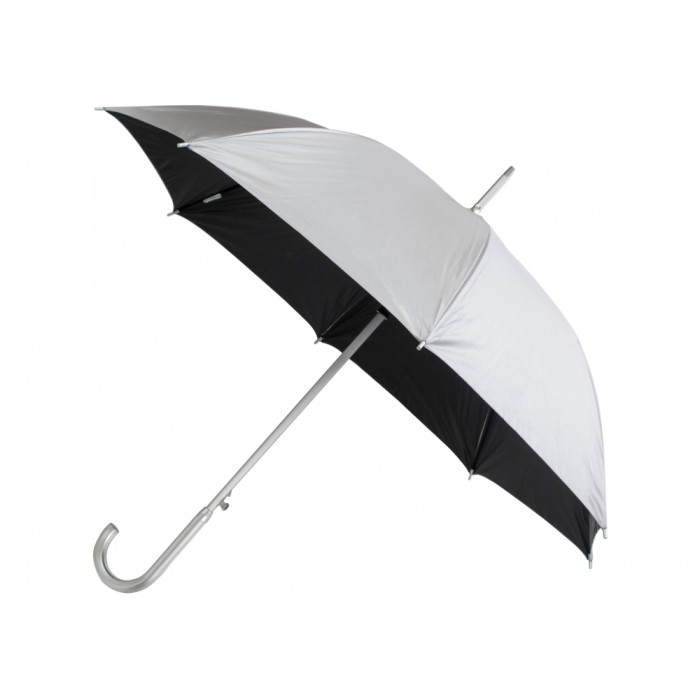 Напівавтоматична парасоля-тростина з алюмінієвою ручкою і металевим каркасом. Розміри: довжина 89 см, діаметр куполу 104 см. Матеріал куполу-поліестер. Зовнішня частина купола вкрита сріблястим матеріалом, який елегантно поєднується з алюмінієвою ручкою.
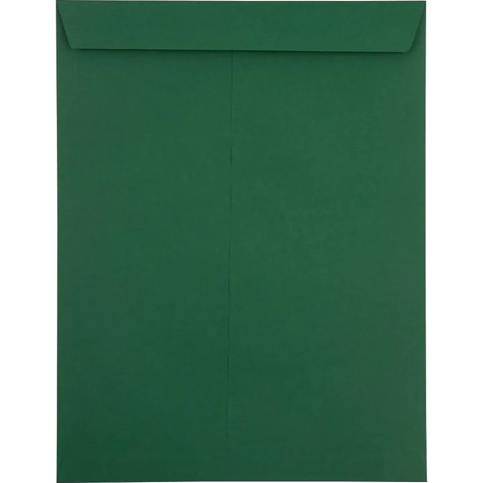 JAM Paper Dark Green 10 x 13 Open End Catalog Envelopes with Gum Closures are made out of 28lb, slightly textured paper! Each one measures 10 x 13 inches in length, the perfect size for enclosing standard and slightly larger sheets of paper without folding or bending. This pack contains 25 envelopes. Each one features a commercial style flap and a reliable gum closure! The dark, forest green color of these envelopes gives them a unique look that gives your personal and business mailings an extra hint of notice ability! Use these envelopes to mail documents, forms, letters, files, and more from your office or home.
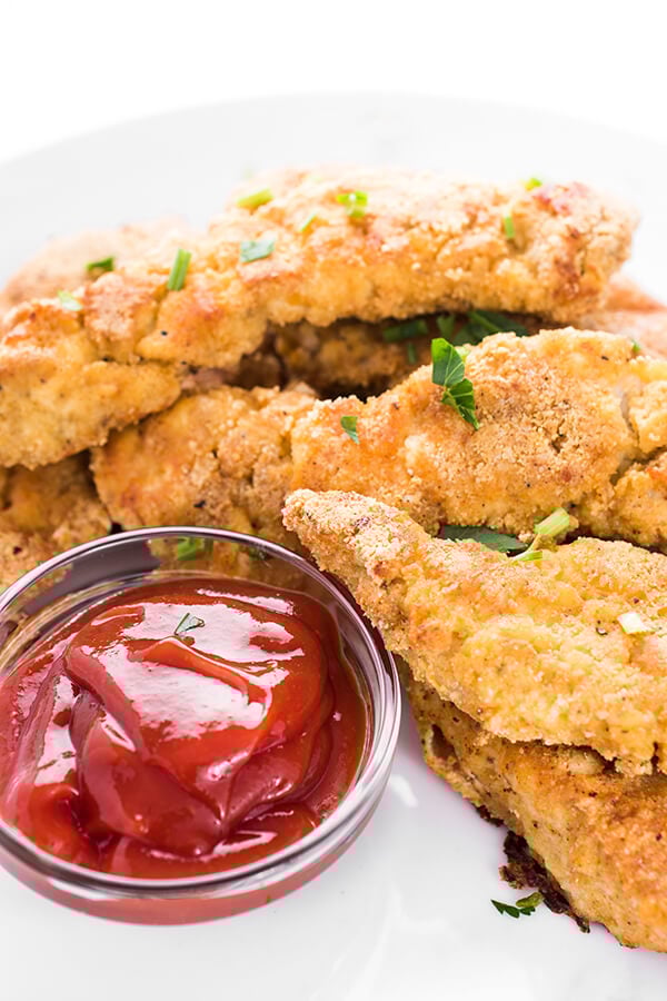Naturally gluten free and paleo, these crispy, oven-baked chicken tenders are made with almond meal. No oil or butter required!

⁂

§ WHAT YOU HAVE TO DO
Would you repeat each line of the listing exactly, skipping any picture?

§ OUTPUT FOR THIS TASK
 Напівавтоматична парасоля-тростина з алюмінієвою ручкою і металевим каркасом. Розміри: довжина 89 см, діаметр куполу 104 см. Матеріал куполу-поліестер. Зовнішня частина купола вкрита сріблястим матеріалом, який елегантно поєднується з алюмінієвою ручкою.
 JAM Paper Dark Green 10 x 13 Open End Catalog Envelopes with Gum Closures are made out of 28lb, slightly textured paper! Each one measures 10 x 13 inches in length, the perfect size for enclosing standard and slightly larger sheets of paper without folding or bending. This pack contains 25 envelopes. Each one features a commercial style flap and a reliable gum closure! The dark, forest green color of these envelopes gives them a unique look that gives your personal and business mailings an extra hint of notice ability! Use these envelopes to mail documents, forms, letters, files, and more from your office or home.
Naturally gluten free and paleo, these crispy, oven-baked chicken tenders are made with almond meal. No oil or butter required!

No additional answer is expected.